(Given data):
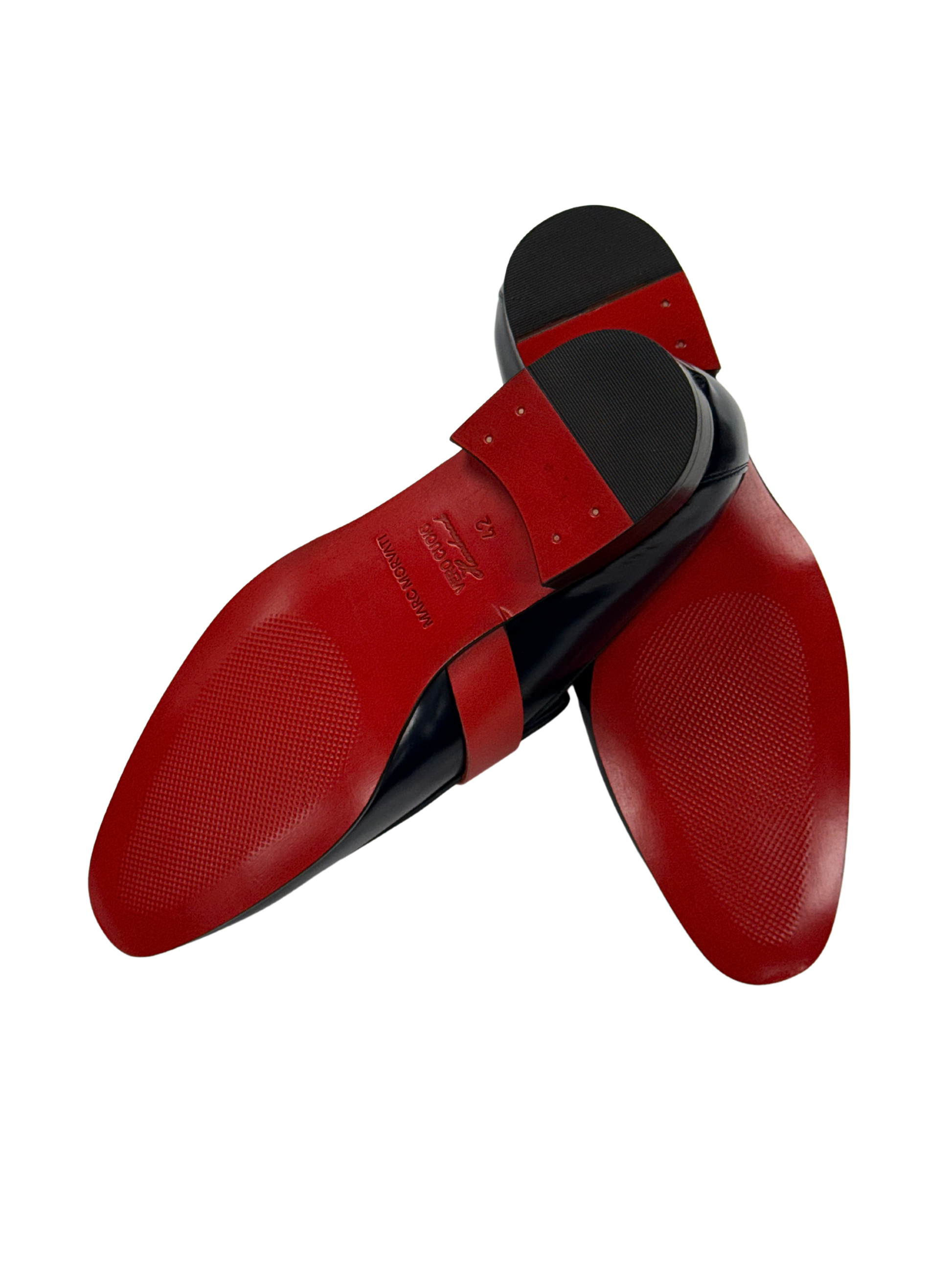 Crafted in Europe from 100% premium leather, these navy loafers feature a striking red and white strap detail with a polished metal ring. Sleek, structured, and built for confident summer style.
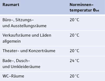Für die verschiedenen Nutzungen gibt es grobe personen- und tätigkeitsbezogene Temperaturrichtwerte:
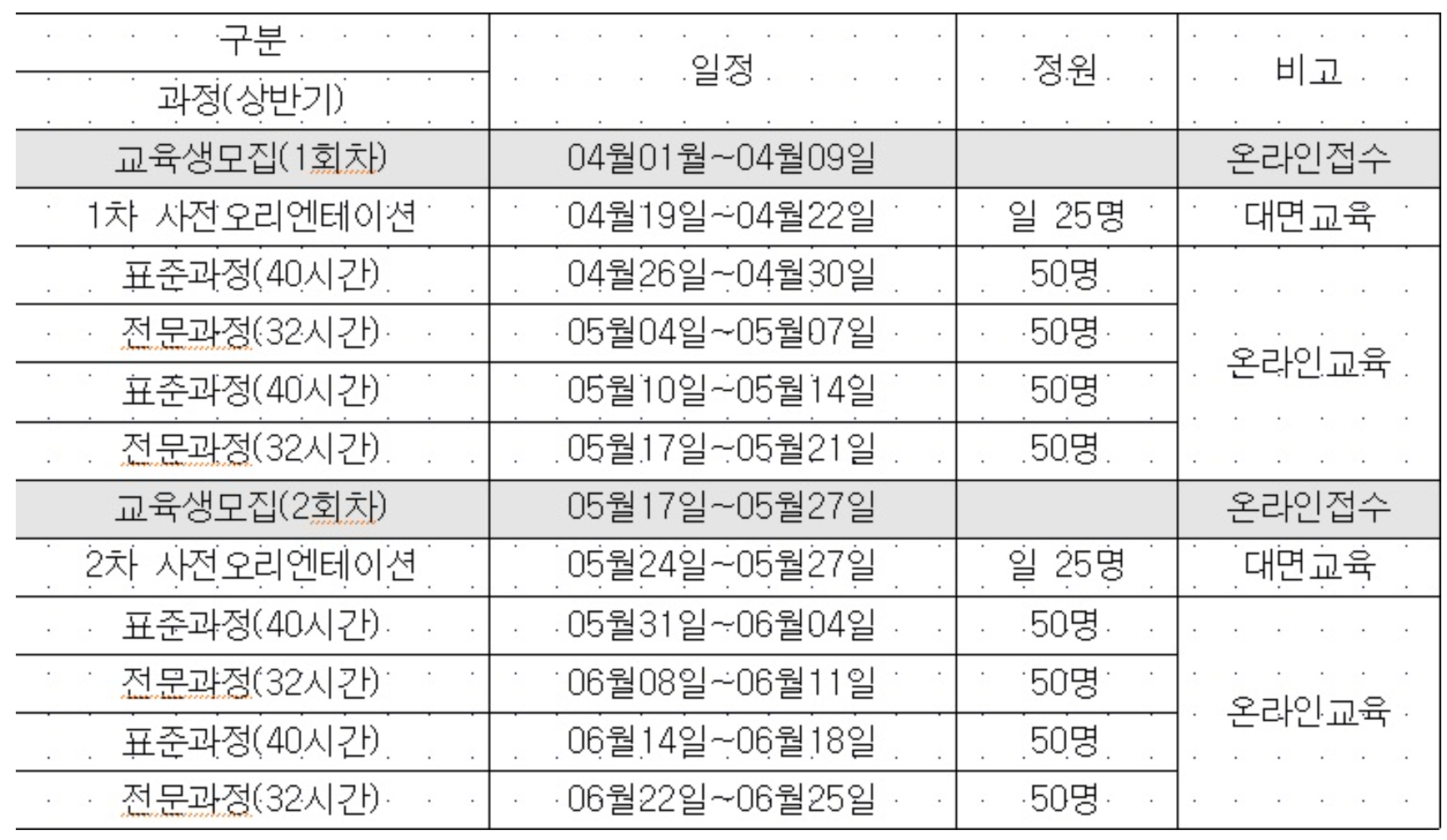 각 과정당 교육 인원은 50명 선착순이며, 교육 모집 마감 후 교육비와 신청서류 등을 개별 문자 안내 받을 수 있다.

(Directions): Pictures do not belong in the copy; repeat the rest of the listing exactly.

(Response):
 Crafted in Europe from 100% premium leather, these navy loafers feature a striking red and white strap detail with a polished metal ring. Sleek, structured, and built for confident summer style.
Für die verschiedenen Nutzungen gibt es grobe personen- und tätigkeitsbezogene Temperaturrichtwerte:
 각 과정당 교육 인원은 50명 선착순이며, 교육 모집 마감 후 교육비와 신청서류 등을 개별 문자 안내 받을 수 있다.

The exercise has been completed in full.